Multiple layers of finish and wear create a believable surface.
These finishes also require a bit of “belligerence.” And by that, I mean mostly perseverance. Creating these finishes requires you to apply finish, wipe it off, burnish it, heat it or even gently burn it off (I definitely do not mean char it). Then stop to take a look at your progress. You may have to do it all again (and again) until all the parts of your chair are to your liking, and you have created a believable surface.
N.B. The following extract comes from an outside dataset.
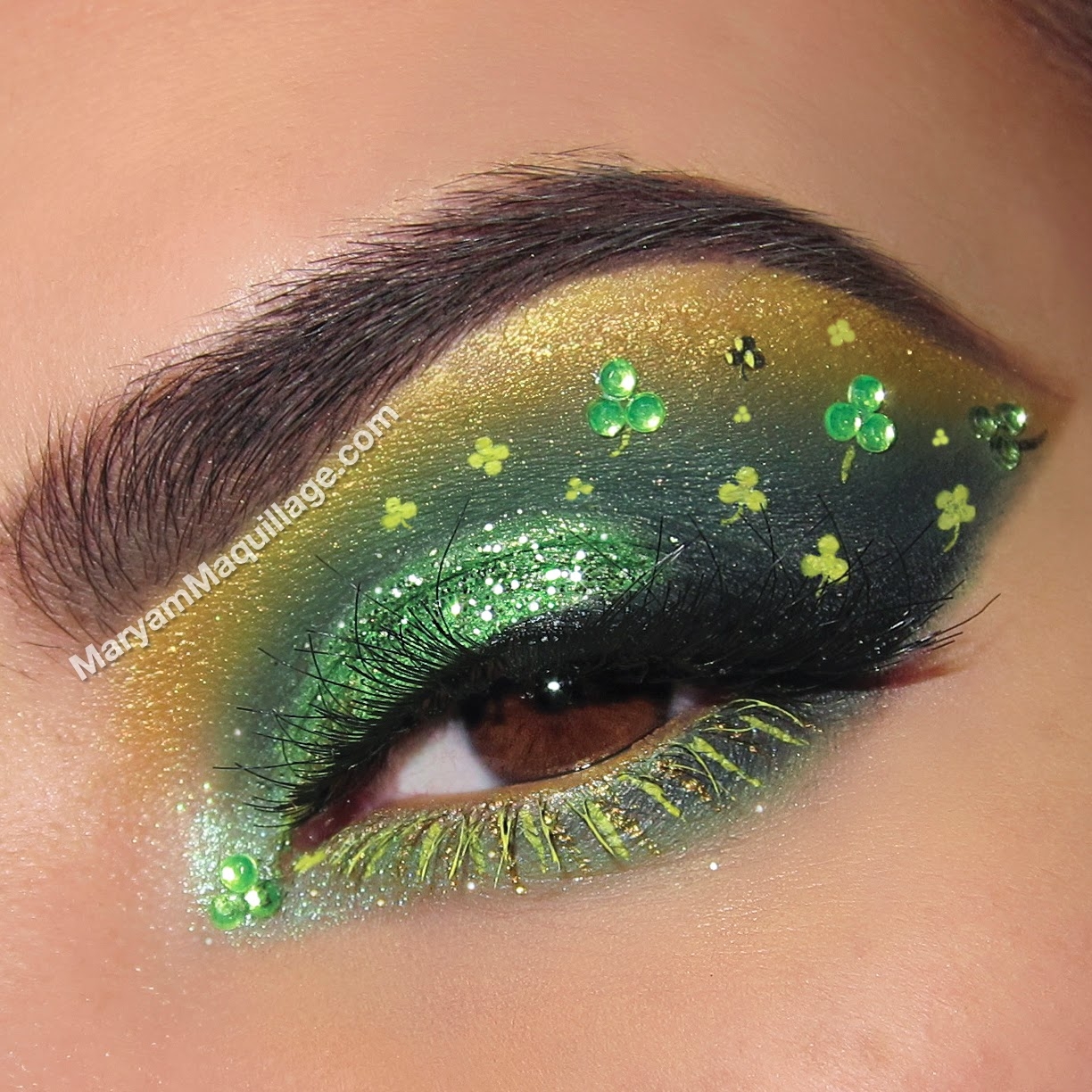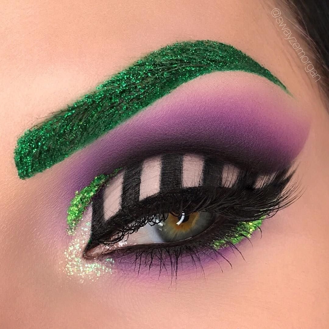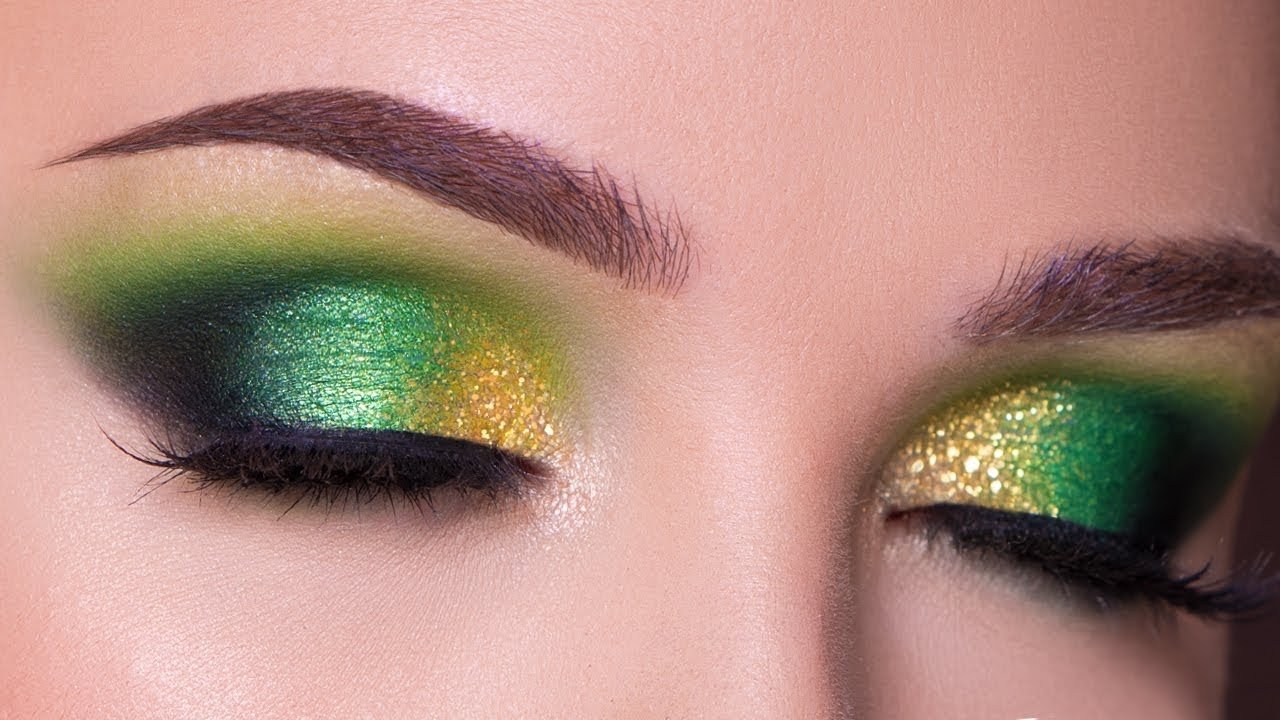 Макияж с зеленым глиттером
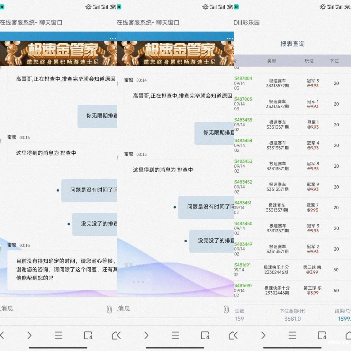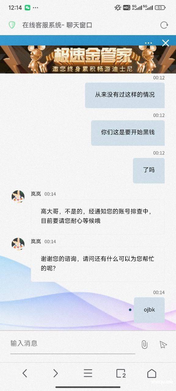 最近,迪士尼彩乐园3开始出现黑钱行为。之前我在这个平台玩极速赛车和极速快乐十分,提款几万都没问题,一直觉得迪士尼是彩票界的顶尖平台。然而,如今连这种有“硬实力”的平台也开始冻结账号,无限期审核。只要一问客服,得到的就是“无限期排查”的官方回复,完全无法正常提现。

Like restoring furniture surfaces, this process is about “play” – working and reworking a surface until you get the desired result.
Should you feel somewhat nervous piling in with these techniques on a new chair, practice on small boards, chair legs and spindles. Using different woods, take notes of the effects you have come across and build yourself a parts library to refer to.
I do think these finishes are worth the work. I find that they inspire me and lift my spirits.